DATA FOR PROCESSING section start

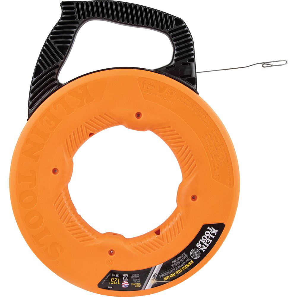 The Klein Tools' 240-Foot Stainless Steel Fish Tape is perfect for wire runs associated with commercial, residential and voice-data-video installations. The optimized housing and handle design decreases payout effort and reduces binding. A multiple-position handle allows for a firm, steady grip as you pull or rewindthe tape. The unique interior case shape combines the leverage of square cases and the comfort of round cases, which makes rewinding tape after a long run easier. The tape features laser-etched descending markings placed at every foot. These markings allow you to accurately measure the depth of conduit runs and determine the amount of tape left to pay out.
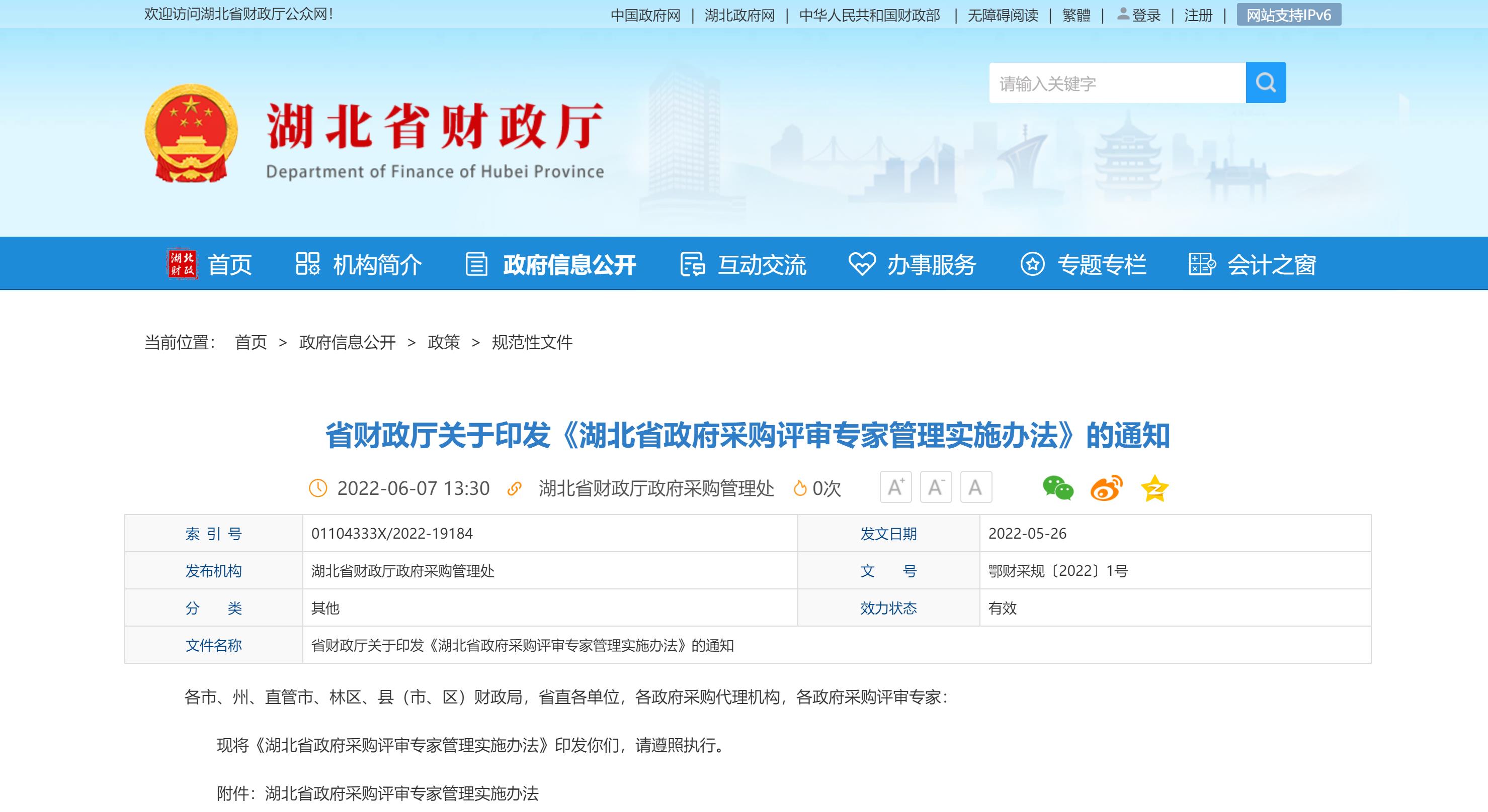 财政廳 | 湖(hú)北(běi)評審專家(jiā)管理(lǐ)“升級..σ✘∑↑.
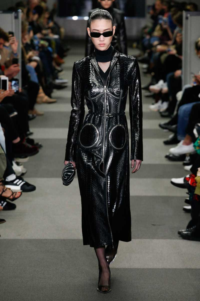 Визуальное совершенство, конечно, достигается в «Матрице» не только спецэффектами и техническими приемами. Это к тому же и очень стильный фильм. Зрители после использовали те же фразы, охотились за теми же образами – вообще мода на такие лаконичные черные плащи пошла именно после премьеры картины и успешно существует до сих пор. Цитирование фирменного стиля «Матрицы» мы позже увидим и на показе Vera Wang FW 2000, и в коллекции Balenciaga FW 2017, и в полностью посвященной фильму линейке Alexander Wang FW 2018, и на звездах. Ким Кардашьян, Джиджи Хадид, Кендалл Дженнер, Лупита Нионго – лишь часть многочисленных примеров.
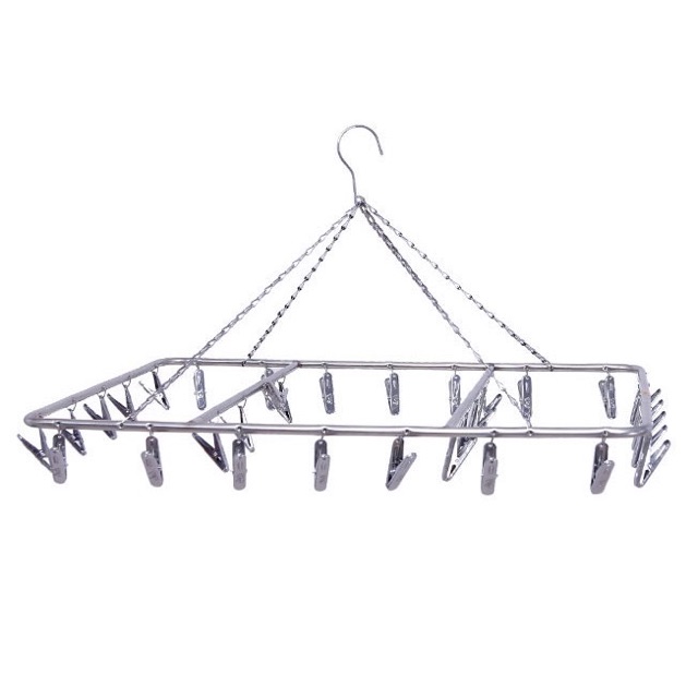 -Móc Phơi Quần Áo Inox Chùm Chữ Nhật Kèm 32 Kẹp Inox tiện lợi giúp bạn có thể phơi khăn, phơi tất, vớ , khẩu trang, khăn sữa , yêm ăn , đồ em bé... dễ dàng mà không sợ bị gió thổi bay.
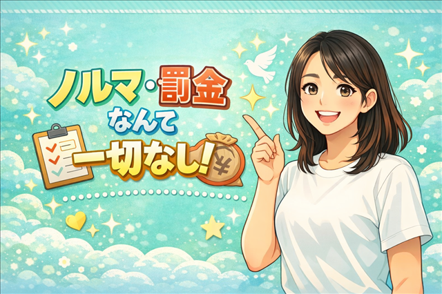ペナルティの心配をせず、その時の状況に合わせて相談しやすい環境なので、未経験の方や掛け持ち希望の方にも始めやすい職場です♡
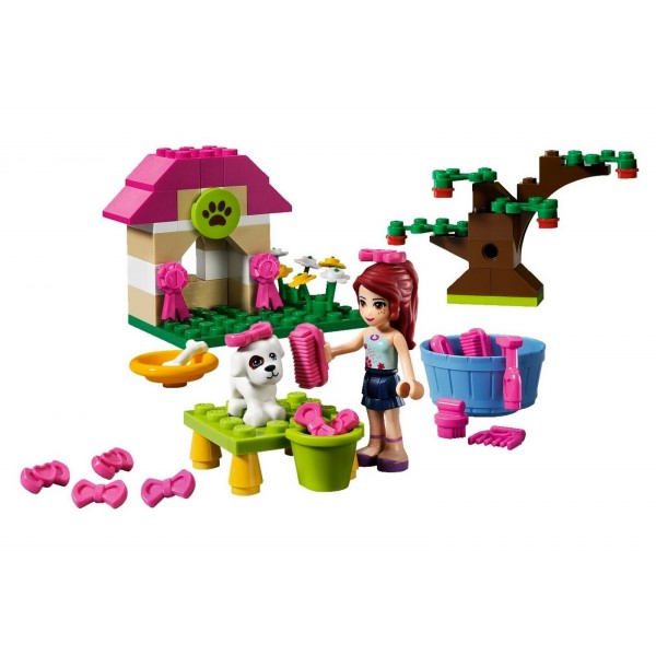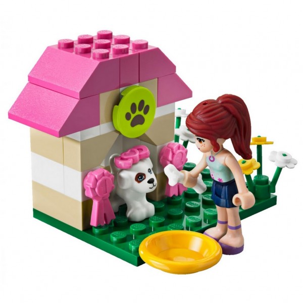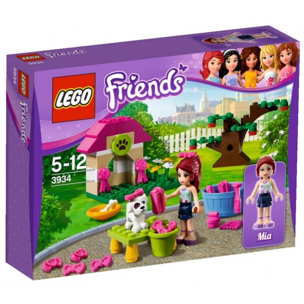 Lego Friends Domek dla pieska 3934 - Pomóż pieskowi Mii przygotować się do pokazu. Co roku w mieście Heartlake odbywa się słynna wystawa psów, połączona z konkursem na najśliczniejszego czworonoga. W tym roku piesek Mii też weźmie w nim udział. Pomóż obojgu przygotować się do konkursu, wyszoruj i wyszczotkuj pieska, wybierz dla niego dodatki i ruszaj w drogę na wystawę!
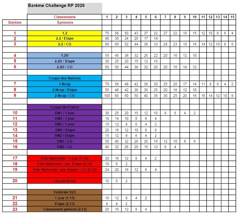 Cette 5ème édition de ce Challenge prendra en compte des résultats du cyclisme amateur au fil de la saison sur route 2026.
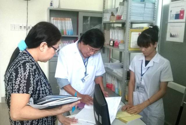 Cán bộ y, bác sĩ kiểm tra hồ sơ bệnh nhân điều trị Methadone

DATA FOR PROCESSING section end

Extract, word for word, each line from the one that contains "Lego Friends Domek" through the final line of the data above. Leave the pictures out.

 Lego Friends Domek dla pieska 3934 - Pomóż pieskowi Mii przygotować się do pokazu. Co roku w mieście Heartlake odbywa się słynna wystawa psów, połączona z konkursem na najśliczniejszego czworonoga. W tym roku piesek Mii też weźmie w nim udział. Pomóż obojgu przygotować się do konkursu, wyszoruj i wyszczotkuj pieska, wybierz dla niego dodatki i ruszaj w drogę na wystawę!
 Cette 5ème édition de ce Challenge prendra en compte des résultats du cyclisme amateur au fil de la saison sur route 2026.
 Cán bộ y, bác sĩ kiểm tra hồ sơ bệnh nhân điều trị Methadone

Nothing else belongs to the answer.